Das Girokonto Nr. … der Klägerin besteht bei der Beklagten nach wie vor und weist einen positiven Saldo auf.

Die Klägerin hat erstinstanzlich im Wesentlichen vorgetragen, bei Abschluss des Kundenstamm-Vertrags sei in englischer Sprache verhandelt worden. Die in deutscher Sprache verfassten Allgemeinen Geschäftsbedingungen der Beklagten seien demnach nicht Vertragsbestandteil geworden.

Sie habe die 13 genannten Zahlungen vom ihrem Girokonto in Höhe von 255.395,61 EUR nicht autorisiert. Die E-Mails nebst Rechnungsunterlagen (Anlagenkonvolut K32/1-K32/14) seien nicht von ihr versandt worden. Stattdessen sei davon auszugehen, dass die E-Mails durch unbekannte Dritte manipuliert worden seien.

Zwischen ihr und dem Bankmitarbeiter R. K. habe ein vertrauensvolles Verhältnis bestanden, deshalb habe sie darauf vertrauen dürfen, dass er den Zahlungsverkehr kontrolliere. Angesichts des auffälligen Inhalts der E-Mails nebst Rechnungsunterlagen habe sich der Verdacht einer Manipulation der Überweisungsaufträge aufdrängen müssen, so dass Anlass zu einer weitergehenden Prüfung und einer Rücksprache mit ihr bestanden habe.

Die Klägerin hat mit ihrer am 17. April 2018 zugestellten Klage erstinstanzlich beantragt,

die Beklagte zu verurteilen, an die Klägerin 255.395,61 EUR nebst Zinsen in Höhe von 5% über dem Basiszinssatz hieraus seit dem 16. Oktober 2017 zu bezahlen.

Die Beklagte, die Klageabweisung beantragt hat, hat erstinstanzlich geltend gemacht, die Vertragsverhandlungen bei Abschluss des Kundenstamm-Vertrags seien in Deutsch geführt und der Klägerin übersetzt worden. Die 14 Zahlungen vom klägerischen Girokonto im Zeitraum vom 11. Mai 2016 bis zum 1. Februar 2017 in einem Gesamtvolumen in Höhe von 255.395,61 EUR seien von der Klägerin autorisiert worden. Bei dem Verhältnis zwischen der Klägerin und dem Bankmitarbeiter R. K. habe es sich um eine normale Geschäftsbeziehung gehandelt. Die E-Mails nebst Rechnungsunterlagen (Anlagenkonvolut K32/1-K32/14) hätten keinen Anlass für Rückfragen gegeben.

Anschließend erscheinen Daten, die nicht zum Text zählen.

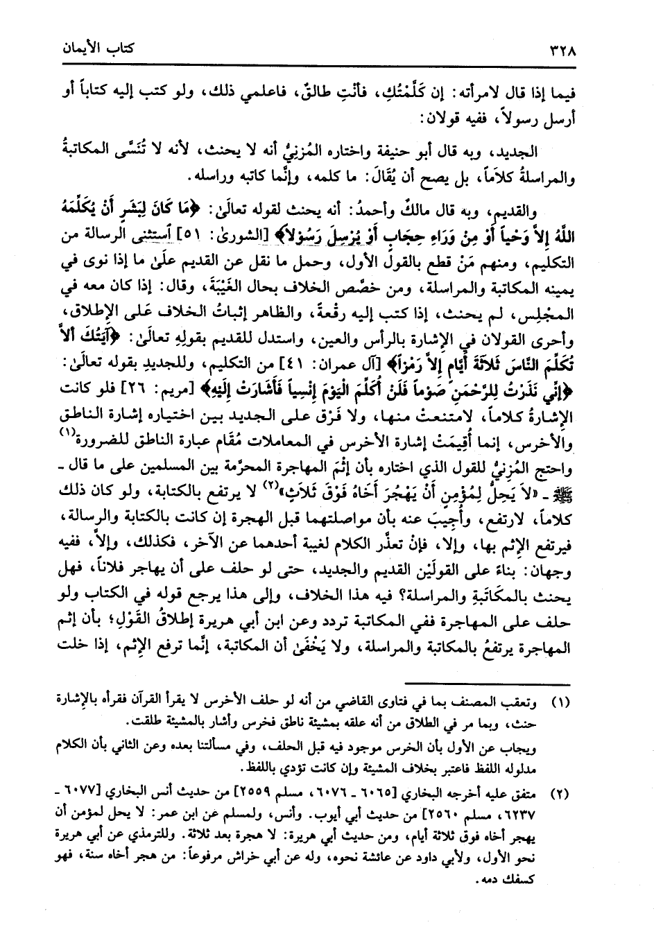 والقديم، وبه قال مالكٌ وأحمدُ: أنه يحنث لقوله تعالَى: {مَا كَانَ لِبَشَرٍ أَنْ يُكَلِّمَهُ اللَّهُ إِلاَّ وَحْيًا أَوْ مِنْ وَرَاءِ حِجَابٍ أَوْ يُرْسِلَ رَسُولًا} [الشورى: 51] استثنى الرسالة من التكليم، ومنهم مَنْ قطع بالقول الأول، وحمل ما نقل عن القديم علَى ما إذا نوى في يمينه المكاتبة والمراسلة، ومن خصَّص الخلاف بحال الغَيْبَةَ، وقال: إذا كان معه في المجْلِس، لم يحنث، إذا كتب إليه رقْعةً، والظاهر إثباتُ الخلاف عَلى الاِطلاق، وأحرى القولان في الإِشارة بالرأس والعين، واستدل للقديم بقولِهِ تعالَى: {آيَتُكَ أَلَّا تُكَلِّمَ النَّاسَ ثَلَاثَةَ أَيَّامٍ إِلاَّ رَمْزًا} [آل عمران: 41] من التكليم، وللجديدِ بقوله تعالَى: {إِنِّي نَذَرْتُ لِلرَّحْمَنِ صَوْمًا فَلَنْ أُكَلِّمَ الْيَوْمَ إِنْسِيًّا} [مريم: 26] {فَأَشَارَتْ إِلَيْهِ} فلو كانت الإِشارةُ كلامًا، لامتنعتْ منها، ولا فَرْق على الجديد بين اختياره إشارة الناطق والأخرس، إنما أُقِيمَتْ إشارة الأخرس في المعاملات مُقَام عبارة الناطق للضرورة (¬1) واحتج المُزِنيُّ للقول الذي اختاره بأن إثْمَ المهاجرة المحرَّمة بين المسلمين على ما قال -صلى الله عليه وسلم- "لا يَحِلُّ لِمُؤْمِنٍ أَنْ يَهْجُرَ أَخَاهُ فَوْقَ ثَلاثٍ" (¬2) لا يرتفع بالكتابة، ولو كان ذلك كلامًا، لارتفع، وأُجِيبَ عنه بأن مواصلتهما قبل الهجرة إن كانت بالكتابة والرسالة، فيرتفع الإِثم بها، وإلا، فإنْ تعذَّر الكلام لغيبة أحدهما عن الآخر، فكذلك، وإلاَّ، ففيه وجهان: بناءً على القولَيْن القديم والجديد، حتى لو حلف على أن يهاجر فلانًا، فهل يحنث بالمكَاتَبةِ والمراسلة؟ فيه هذا الخلاف، وإلى هذا يرجع قوله في الكتاب ولو حلف على المهاجرة ففي المكاتبة تردد وعن ابن أبي هريرة إطلاقُ القَوْلِ؛ بأن إثم المهاجرة يرتفعُ بالمكاتبة والمراسلة، ولا يَخْفَى أن المكاتبة، إنَّما ترفع الإِثم، إذا خلت

Weiter hat die Beklagte geltend gemacht, Rückzahlungsansprüche seien bereits aufgrund des wirksamen Saldoanerkenntnisses ausgeschlossen, nachdem die Klägerin keine rechtzeitigen Einwendungen gegen die Rechnungsabschlüsse erhoben habe. In jedem Fall sei der Klägerin mit Blick auf die unterlassene Überprüfung ihrer Kontounterlagen ein erhebliches Mitverschulden anzulasten, da der Schaden bei einer regelmäßigen Kontrolle der Kontostände deutlich reduziert worden wäre.

Wegen der weiteren Einzelheiten des erstinstanzlichen Parteivorbringens und der Anträge wird auf die in dem angefochtenen Urteil getroffenen Feststellungen Bezug genommen (§ 540 Abs. 1 Satz 1 Nr. 1 ZPO).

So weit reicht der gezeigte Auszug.